10.5 Packing cases and materials will be charged to the Buyer.
10.6 The price is based upon designs, technical specifications and labour, materials and transport costs and costs of conforming to statutory obligations ruling at the time of quotation or order placement. In the event of changes being requested subsequently by the Buyer or required by law or otherwise due to matters beyond the Seller's control the Seller reserves the right to modify technical specifications, delivery or service schedules and prices at any time on giving notice in writing.
11. Guarantee {note: delete the part in square brackets for non MTM equipment}
11.1 The Seller shall make good by replacement, or at its option, repair any defect in Seller's Equipment supplied by it which, under proper use and excluding fair wear and tear, arises solely from faults in the Seller's materials or workmanship and which,
11.1.1, in the case of new Seller's Equipment, appears within 12 calendar months of delivery [operated on a single shift or 2,600 operating hours (whichever is the sooner)], or
11.1.2, in the case of factory rebuilt Seller's Equipment, appears within 6 months of delivery [operated on a single shift or 1,300 operating hours (whichever is the sooner)].

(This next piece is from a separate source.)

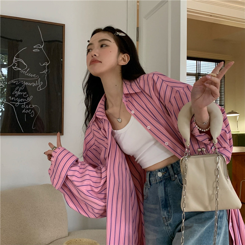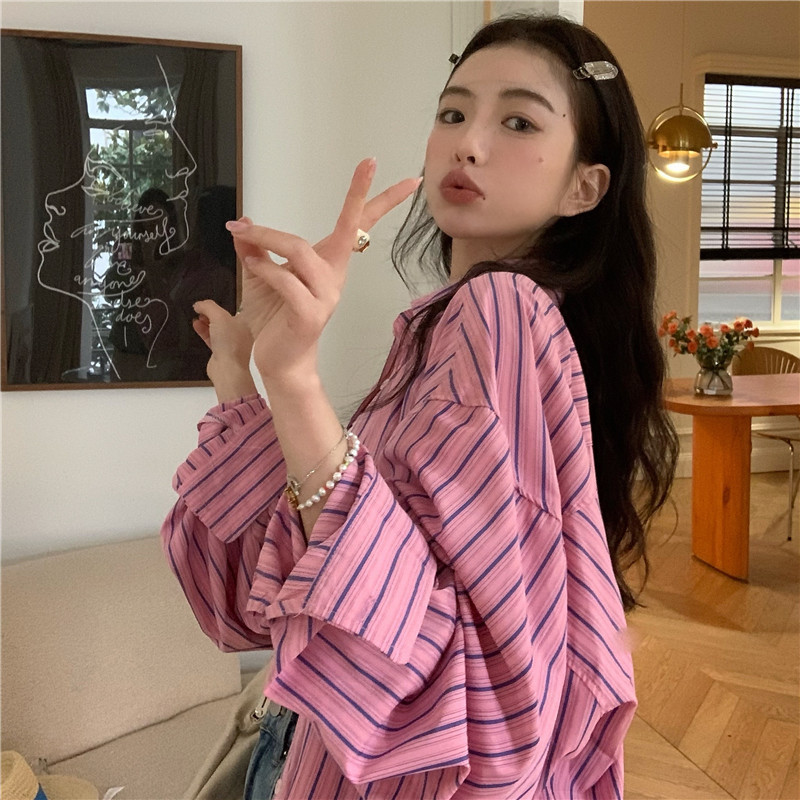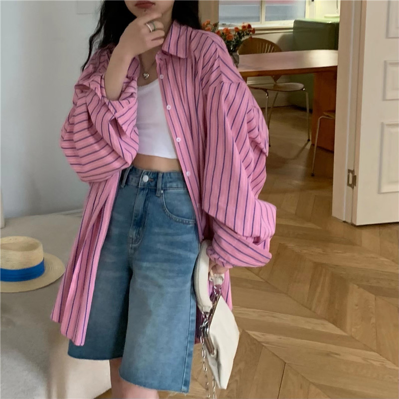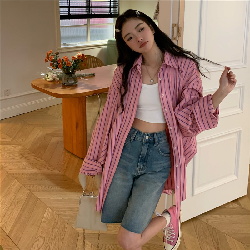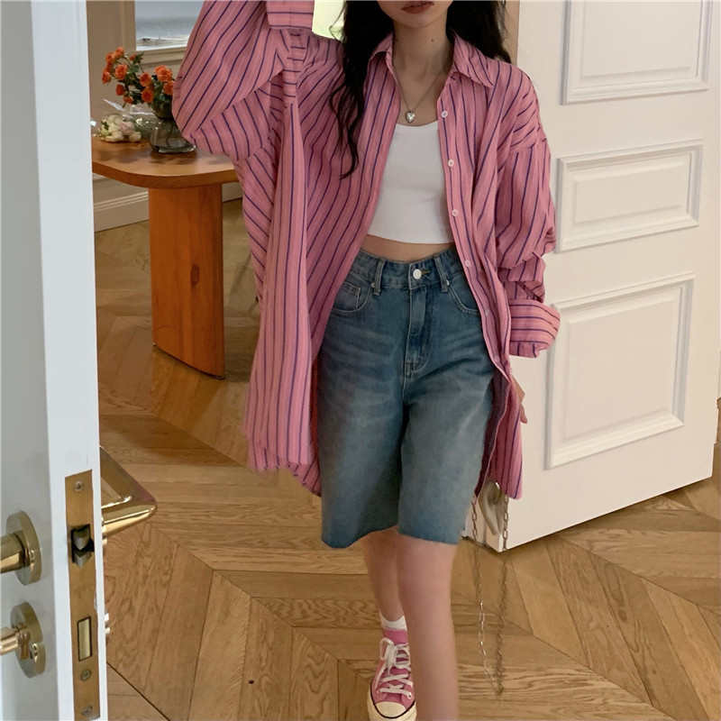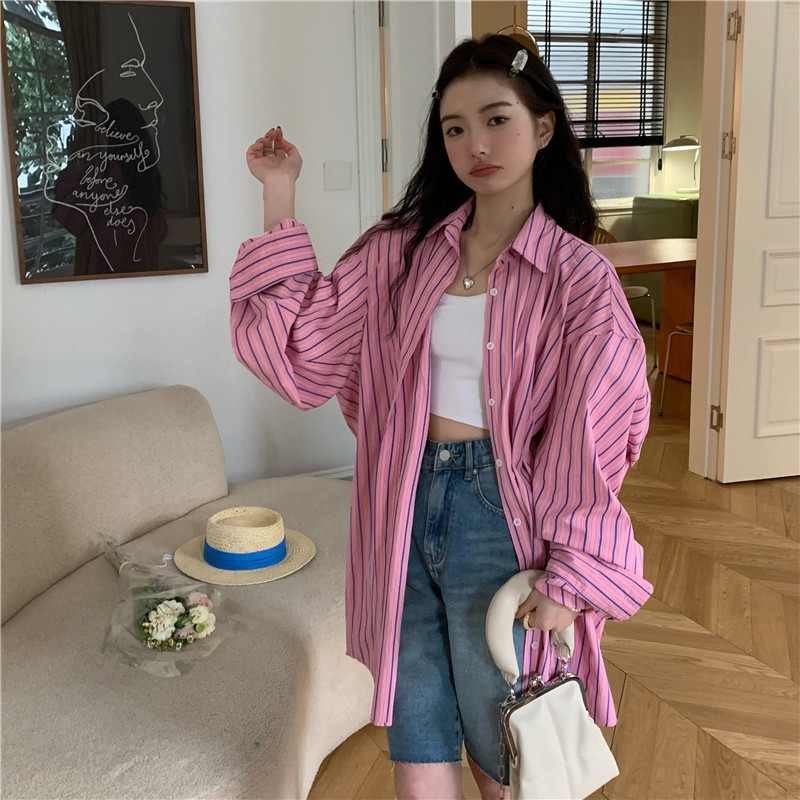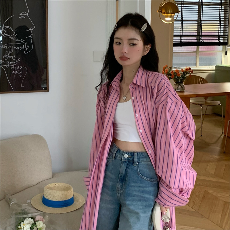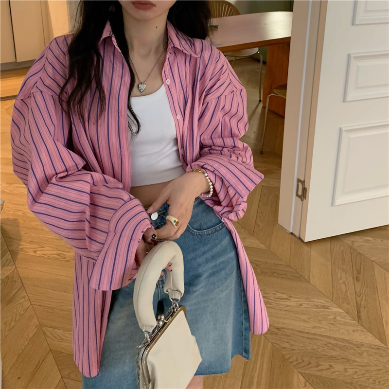 2024 여름 새로운 대비 줄무늬 셔츠 긴 느슨한 얇은 자외선 차단제 카디건 탑스토어 가기

11.2, in the case of goods that are not of the Seller's manufacture the Buyer shall only be entitled to such benefits as may be recoverable from the supplier.
12. Liability
12.1 The Seller shall not be liable for
12.1.1 any indirect or consequential losses
12.1.2 any loss or damage to any material in the course of being processed by the Equipment
12.1.3 any losses exceeding in aggregate the price paid by the Buyer under the same contract
12.1.4 any loss of profit or opportunity
12.1.5 any delay in performance or non‑performance due to circumstances beyond the Seller's reasonable control
12.1.6 save to the extent provided in the Seller's quotation any delay in anticipated delivery time.
12.2 The Seller's aggregate liabilities in connection with any contract with the Buyer shall be limited to the amount paid by the Buyer in respect of the same contract provided that this shall not limit the Seller's liability for negligence or wilful default directly causing personal injury.

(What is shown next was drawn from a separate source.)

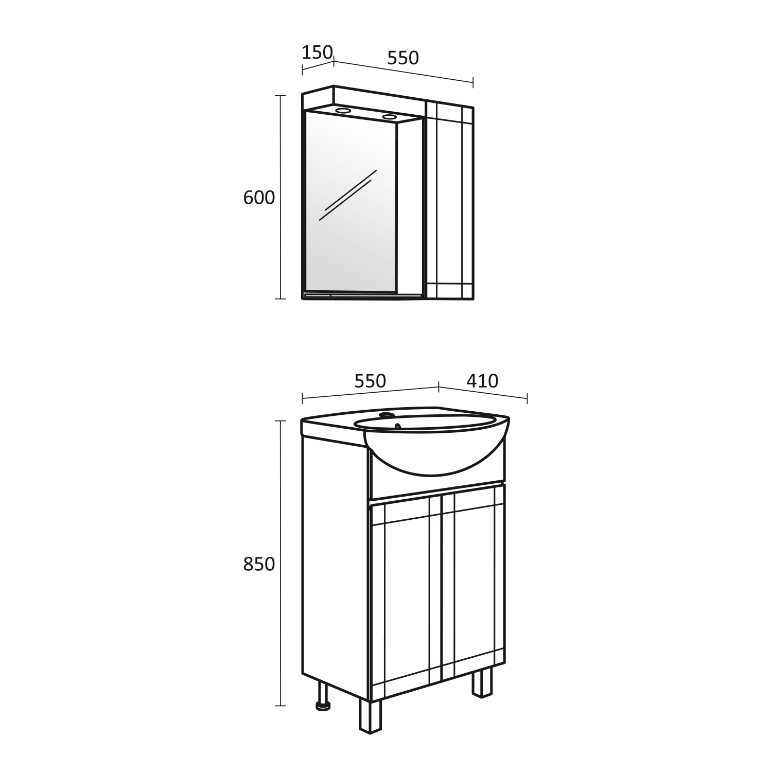 Dimensiuni în mm: Lățime – 550 / Înălțime – 600 / Adâncime – 150

12.3 All descriptions and illustrations contained in catalogues, price lists and any other advertising matter are intended merely to present a general idea of the services and products and shall not form part of the contract unless specifically incorporated therein.
12.4 The parties acknowledge that the charges for the services and Seller's Equipment supplied reflect the scope of the liabilities of the parties set out in this clause 12.

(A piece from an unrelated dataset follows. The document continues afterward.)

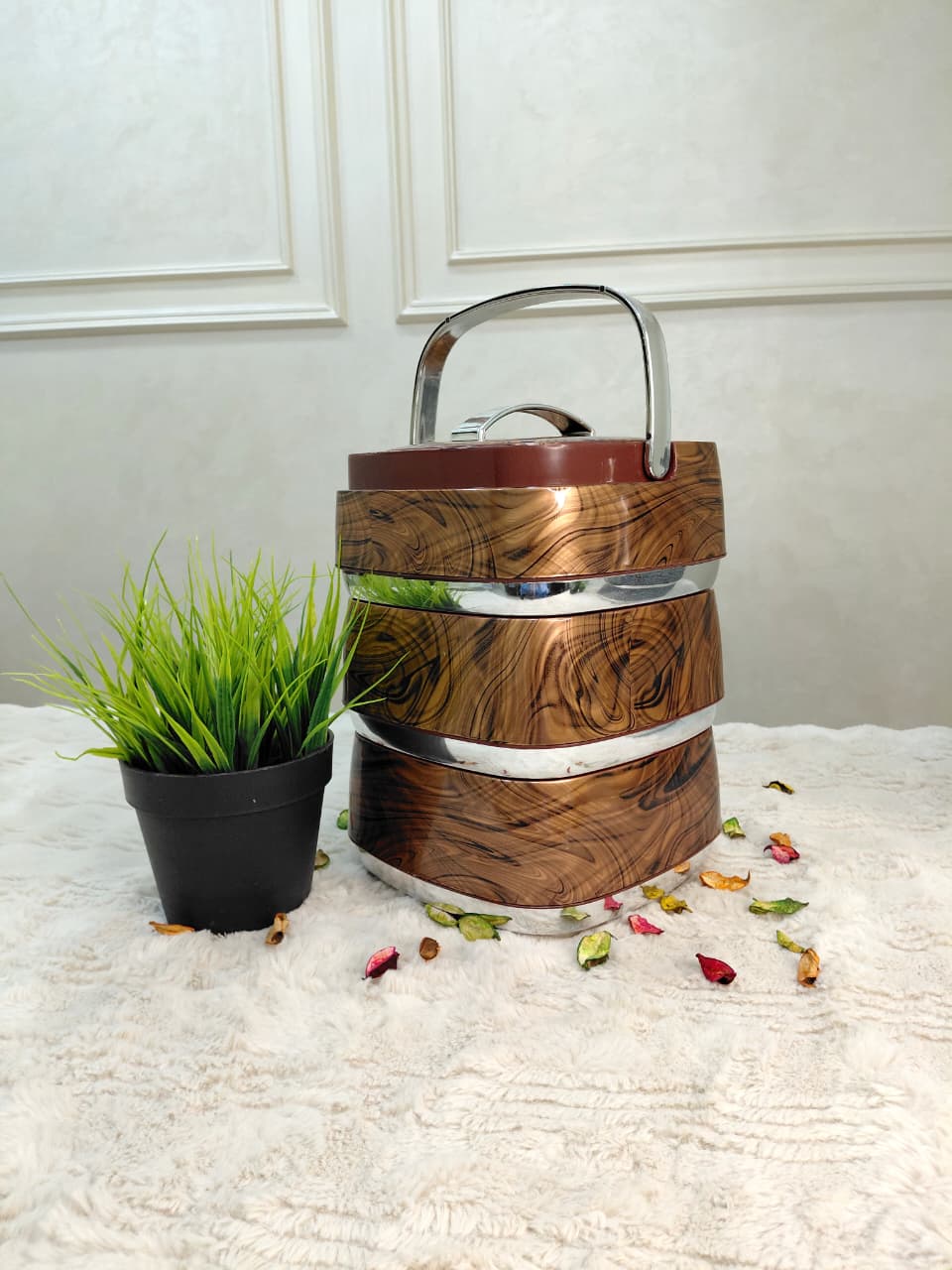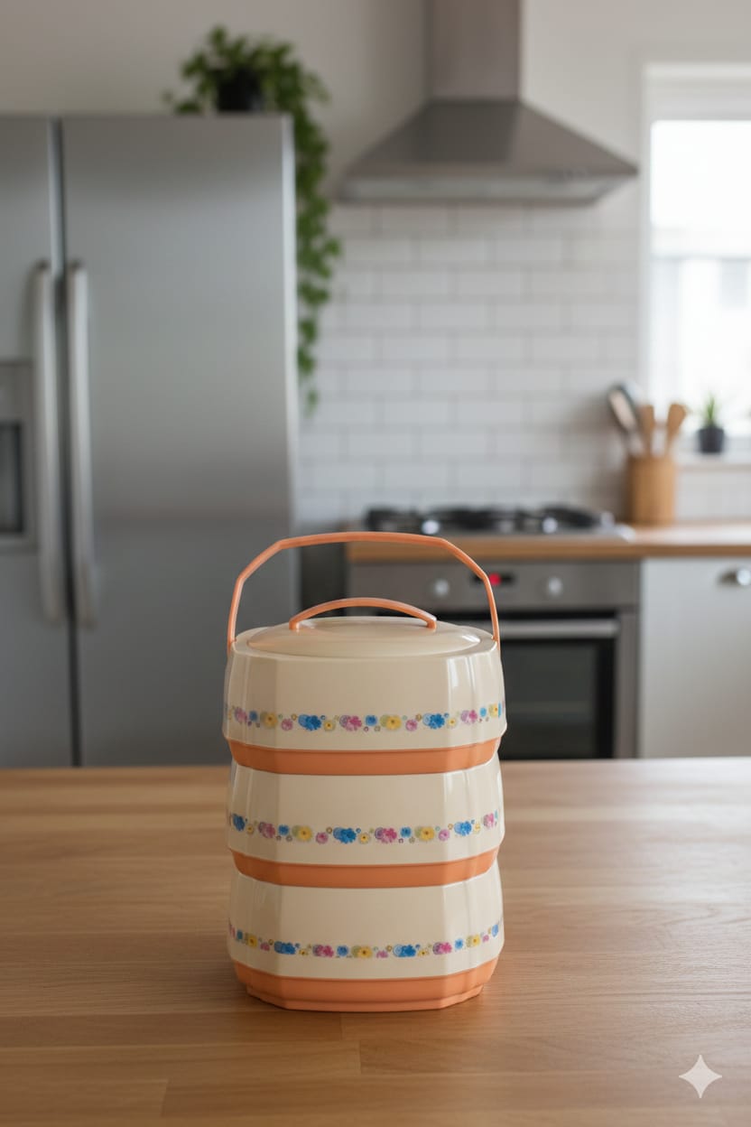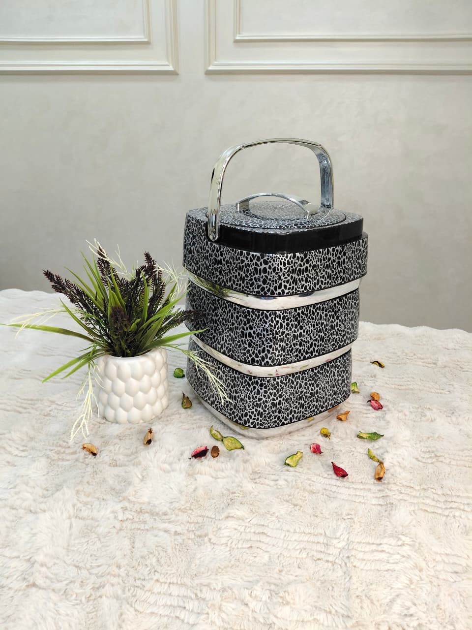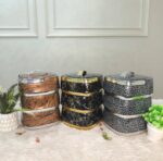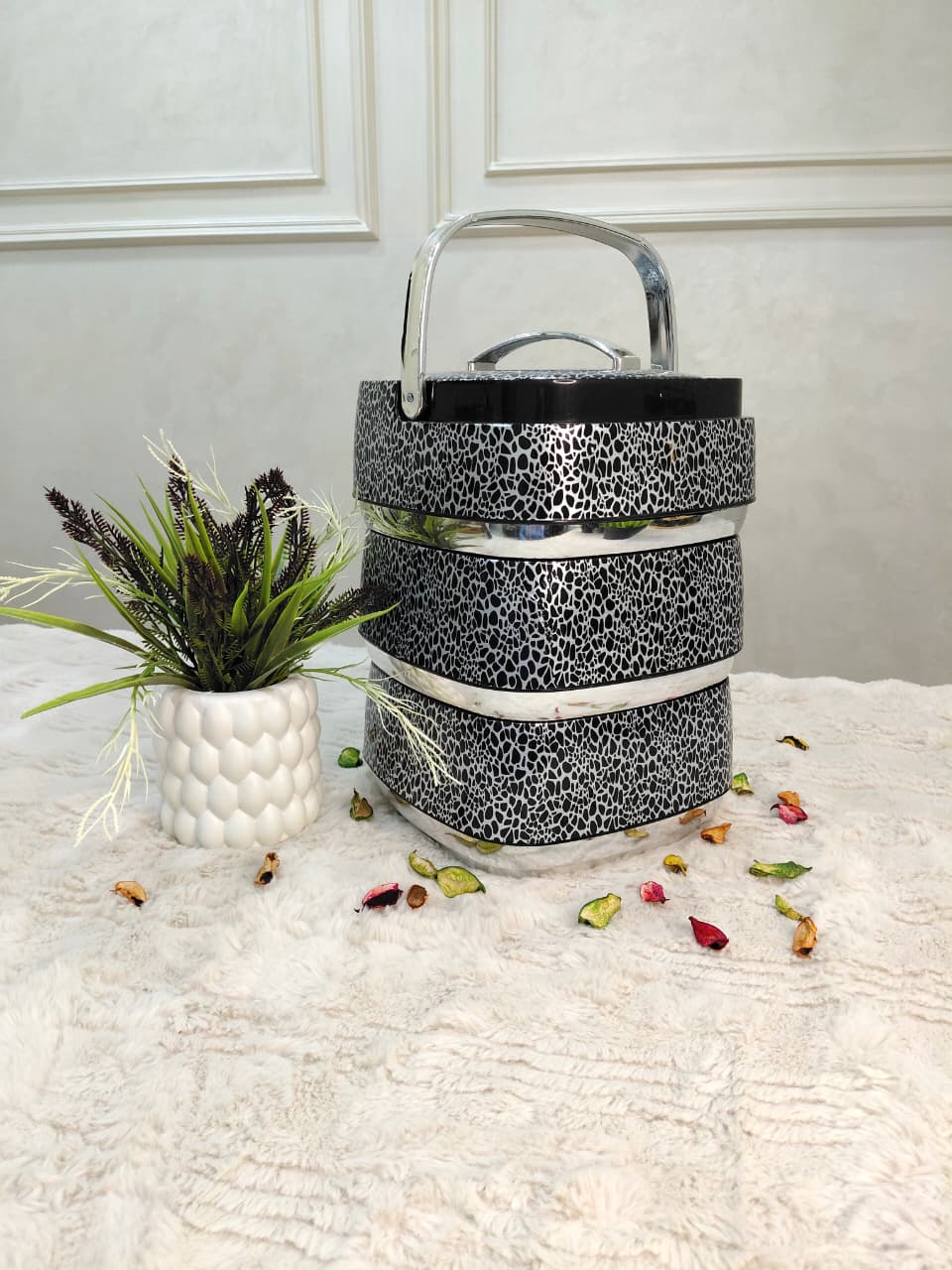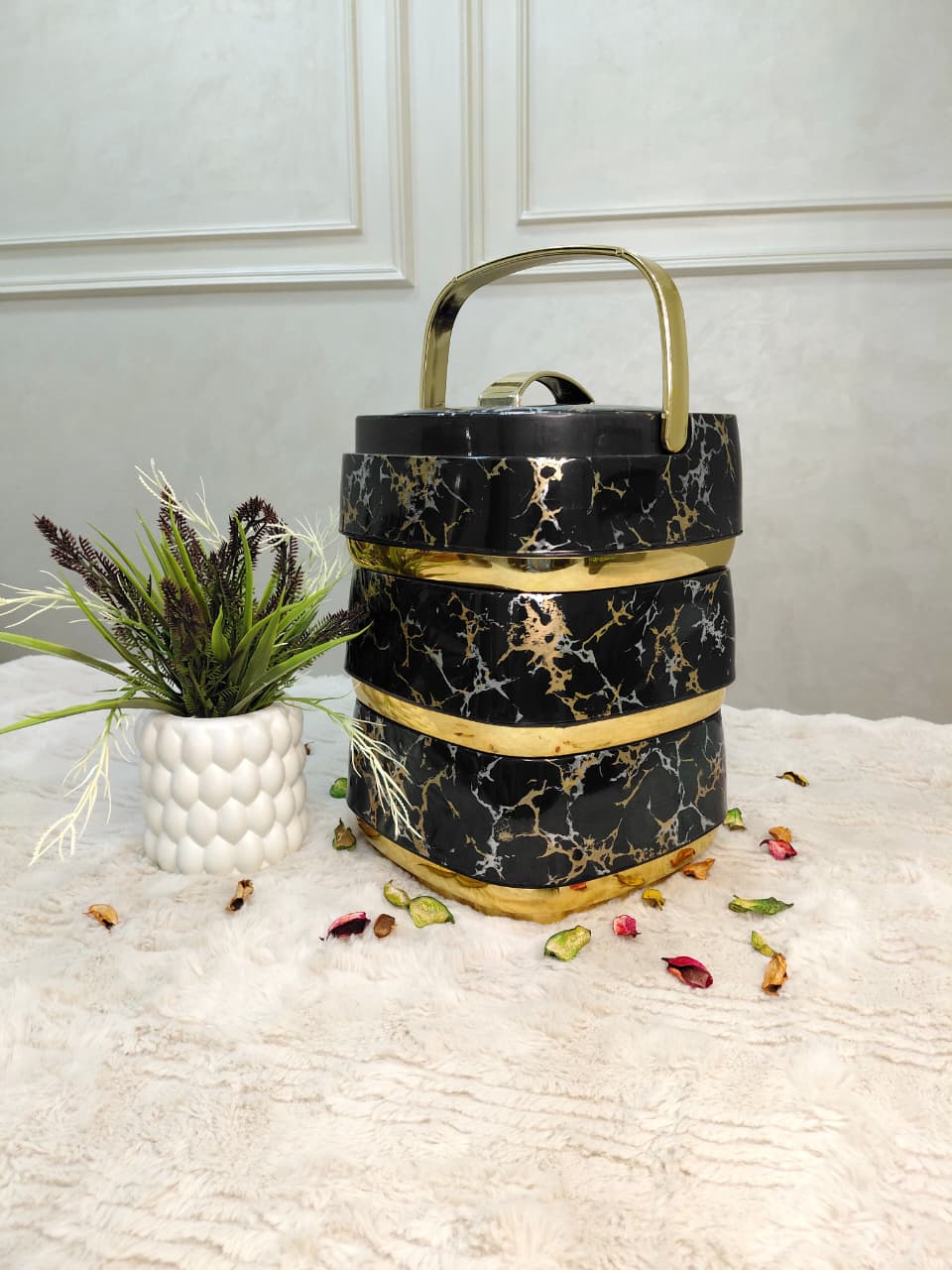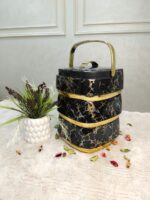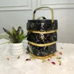حافظة طعام أنيقة بتصميم رخامي أسود مع تفاصيل ذهبية فاخرة، تحافظ على حرارة أو برودة الطعام لفترات طويلة.تتكون من 3 طبقات منفصلة لتخزين أنواع مختلفة من الأطعمة دون خلطها.

12.5 No warranty is given or implied as to the suitability of Seller's Equipment for use in a country other than that for which it was originally ordered or for use with material not conforming to samples tested by the Seller and approved for use.
13 Intellectual property
13.1 The Seller or Molins PLC or any other subsidiary of Molins PLC shall at all times retain full right and title to any intellectual property in Seller's Equipment including (but not limited to) inventions, whether patentable or not, designs, copyright and know‑how, notwithstanding that the parties may cooperate in specifying the performance, design or construction of the Seller's Equipment.
13.2 The Buyer is deemed by entry into the contract to agree to cooperate in the obtaining or enforcement of any intellectual property rights by the Seller at the Seller's cost.
13.3 Subject to clause 12.2 the Seller agrees to indemnify the Buyer against any claims or liabilities arising out of any infringement of any third party intellectual property rights arising from possession or use of Seller's Equipment provided the Seller is immediately given absolute control of the defence of any claim of infringement. The Seller shall be entitled to modify the Seller's Equipment for the purposes of defence or settlement of any third party claims or potential claims.
14. Law
Any contract for sale between the Seller and the Buyer shall be governed by and construed in accordance with the laws of England. The United Nations Convention on Contracts for the International Sale of Goods shall not apply to any sale of goods by the Seller.